Fox News received the outline of the proposed health-care bill that Sen. Max Baucus, D-Mont., is expected to introduce.

After a very quick first read, I see a couple of positive developments and and a host of red flags.

On the plus side, the bill would allow states to establish compacts

to allow for the purchase of non-group
health insurance across state lines. Such compacts may exist between
two or more states. Once compacts have been formed, insurers would be
allowed to sell policies in any state participating in the compact.
Insurers selling policies through a compact would only be subject to the laws and regulations of the state where the policy is written or issued.

Such a consumer-driven proposal should be part of any health-care reforms. 

The proposal would also allow some variability in insurance rates based on tobacco use, age, marital status, and family composition. Allowable policies would be several-sizes-fits-all, though they would not give insurers full flexibility to prevent healthy people from subsidizing the care of everyone else.

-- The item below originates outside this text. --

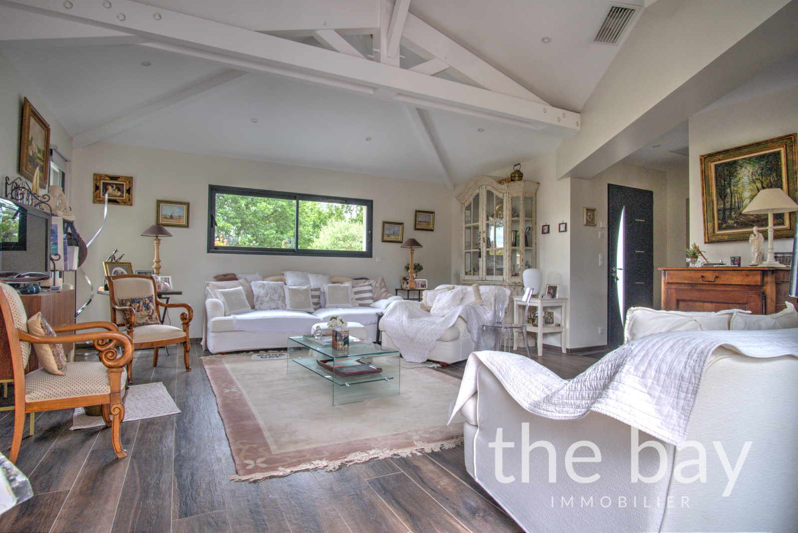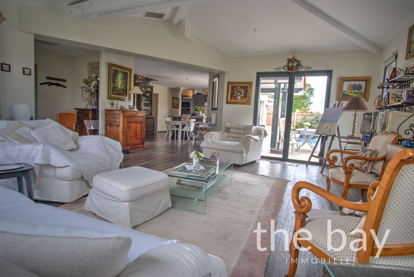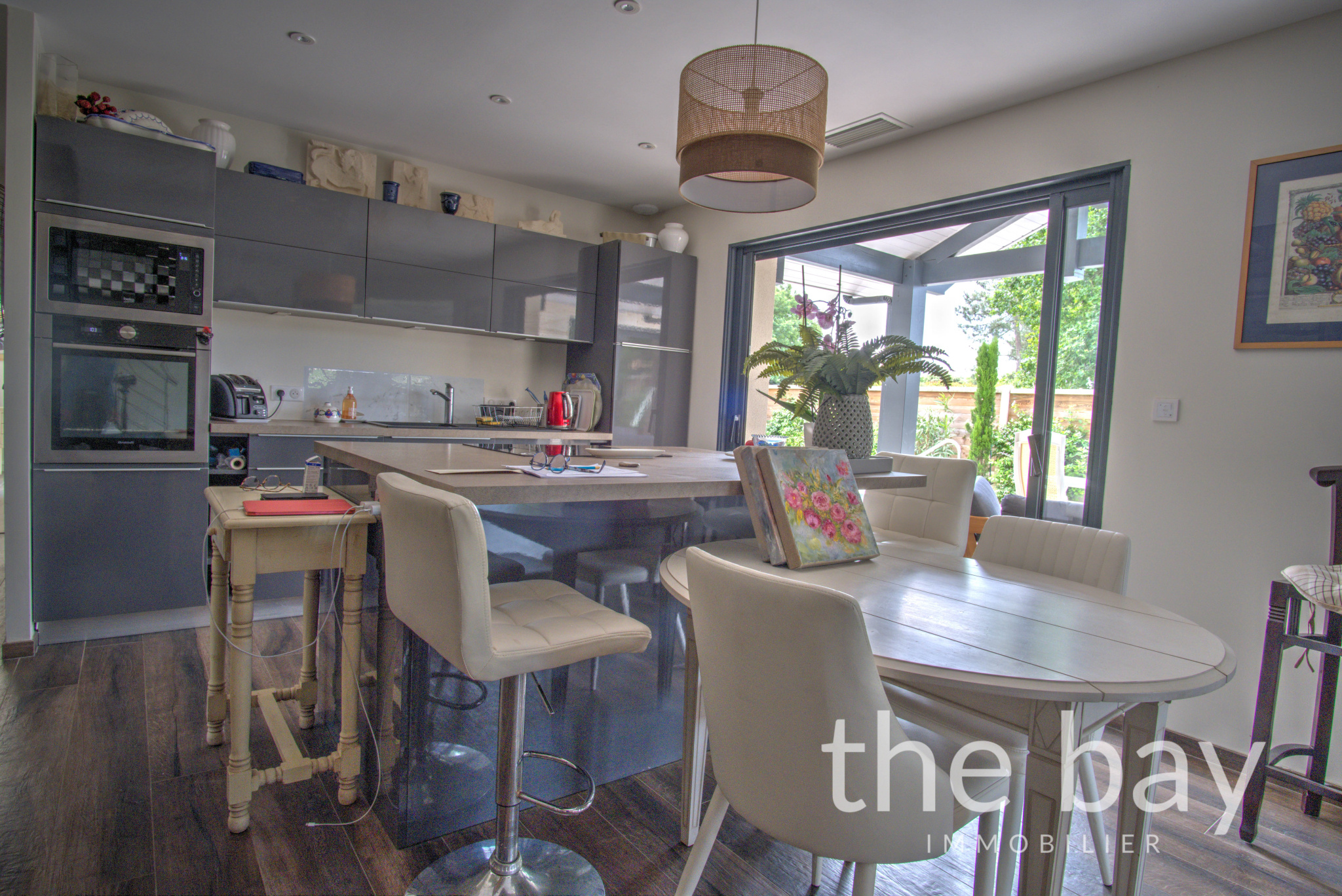 Dès l’entrée, les volumes généreux et la lumière omniprésente donnent le ton. La pièce de vie d’environ 55 m², avec ses belles hauteurs sous plafond et sa cuisine américaine équipée prolongée par un cellier discret, s’ouvre largement sur l’extérieur.

There’s also no explicit “public option,” but instead a series of nonprofit “cooperatives” will be established that

must not be sponsored by a state, county, or local government, or any government instrumentality.

We’ll see whether those emerge, and if they can survive without eventually being absorbed by the government.

Among the minuses, the proposal includes: an individual mandate to buy health insurance (in Orwell-speak, “shared responsibility”); new limits on health savings accounts and flexible spending accounts; expansion of the SCHIP program for minors who come from families that earn too much to qualify for Medicaid; full coverage of prescription drugs under Medicaid; lots of new taxpayer subsidies; and I’m sure, a lot more worth objecting to.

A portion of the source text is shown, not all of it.